Sanders is touching on the core issues that the African-American community wants to hear about right now. His central campaign theme is inequality, and he argues that Wall Street and the rich have “rigged the rules to redistribute wealth and income to the wealthiest and most powerful people of this country.” (His platform recently earned an endorsement from well-respected, financial expert U.S. Sen. Elizabeth Warren.)

Since Ferguson, the conversation about racial injustice does not get far without bringing up wealth inequity. As protesters have said, the problems of police brutality and racial inequity stems from the systems designed to keep the poor in perpetual cycle of poverty (i.e., the municipal courts’ debtors prisons, building prisons while closing schools, etc.).

Sanders wants to get rid of tax loopholes for wealthy individuals and large corporations. He wants to raise the federal minimum wage to $15 an hour and put millions of people to work by spending $1 trillion over five years to renew the country’s aging infrastructure.

Sanders wants to make tuition free at public colleges and universities. He wants universal child care and pre-kindergarten. He supports equal pay for women – by law – and a requirement that employers provide at least 12 weeks of paid family and medical leave and a minimum of two weeks’ paid vacation.

And Sanders is proposing a universal, single-payer health care system – meaning everyone gets access to health care. Clinton attacked his proposal as wanting to dismantle ObamaCare, but ObamaCare was not what Obama himself actually wanted. It was full of compromises. And he himself said that it was only a start and shouldn’t be considered finished work.

Sanders also wants to demilitarize the police and address mass incarceration. Clinton has made statements in these areas as well, but it all seems reactionary. Last summer, Black Lives Matter protestors shutdown two of Sanders’ speeches, demanding that he give more attention to racial injustice in his platform, which he did. So has Clinton. But when it comes to doing that with sincerity, which of the two candidates has the longer history of fighting for racial justice?

Sanders was fighting police brutality as a University of Chicago student, being active in both the Congress on Racial Equality (CORE) and the Student Nonviolent Coordinating Committee (SNCC).
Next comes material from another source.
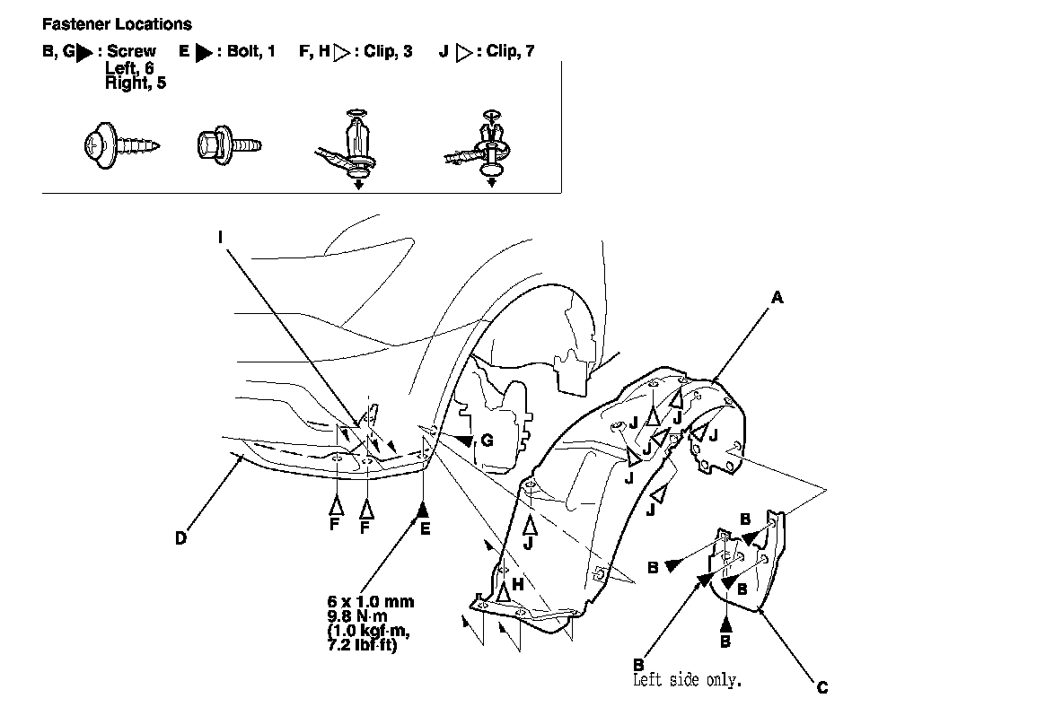 -4 From the wheel arch, remove the clip (H) securing the front splash shield (I) and front inner fender, and remove the clips (J) securing the front inner fender on the body.
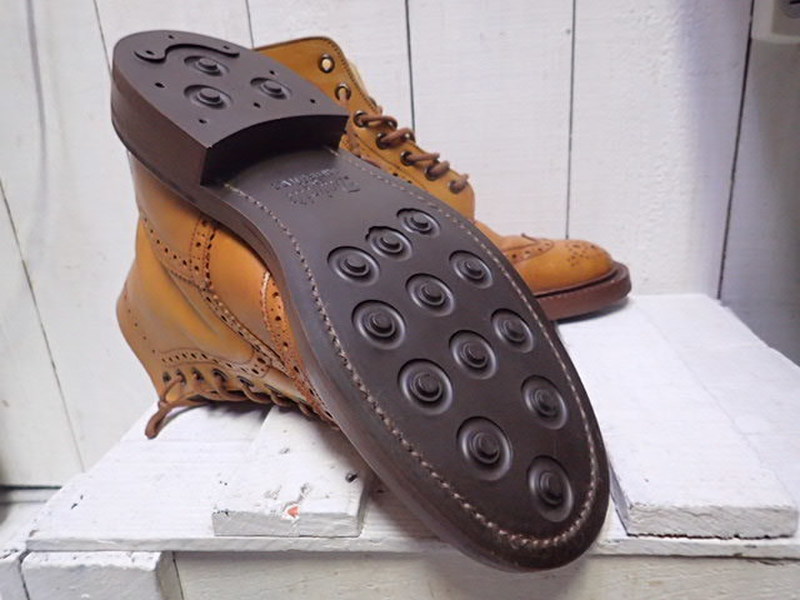 トリッカーズ/オールソ-ル 今回はTricker'sカントリー ブーツのレザーソールからダイナイトソールへ仕様変更の修理でした。ダイナイトソールはソールヒールともにサイズ展開が多くて在庫管理がなかなか大変なのですが靴のサイズにあったソールを使用する為にがんばってすべてのサイズを取り揃えています!コバまわりの特徴となるインクはイギリス製で違和感なく仕上がります! 2017/07/10

He was arrested for protesting segregation in public schools in Chicago in 1962.

After Michael Brown Jr.’s shooting death in Ferguson on August 9, 2014, Sanders publicly spoke out against the militarized response to protestors – saying police looked like “an occupying army in hostile territory and that is absolutely not what we want to see in the United States.”

He also raised the issue of the inequities plaguing the African-American community nationwide.

“If there is anything that we can learn from the Ferguson tragedy, it should be a recognition that we need to address the extraordinary crises facing black youths,” he wrote in a letter to the New York Times on August 20, 2014. “That means, among other things, a major jobs program, job training and vastly improved educational opportunities.”

DeRay’s take

After the EYE’s brief encounter with the Clinton campaign, we decided to reach out to a trusted source who has had much more experience with both campaigns – including meeting with Clinton and Sanders themselves.

Last fall, DeRay Mckesson and other protestors and activists met with them and published an in-depth blog about their take-aways here. It’s informative and helpful. However, we wanted to know about Mckesson’s take on the trustworthiness of each candidate.

“When I think about Bernie, I’m trying to understand how he’s going to do the broad range of things he said he’s going to do,” he said.

When Mckesson and protestors met with Hillary, they asked her why she has adopted such a piecemeal approach to releasing a platform around criminal justice and race. “It doesn’t make sense to me,” he said. “She has very slowly – slower than any other section of issues she’s addresses publicly – addressed race and criminal justice.”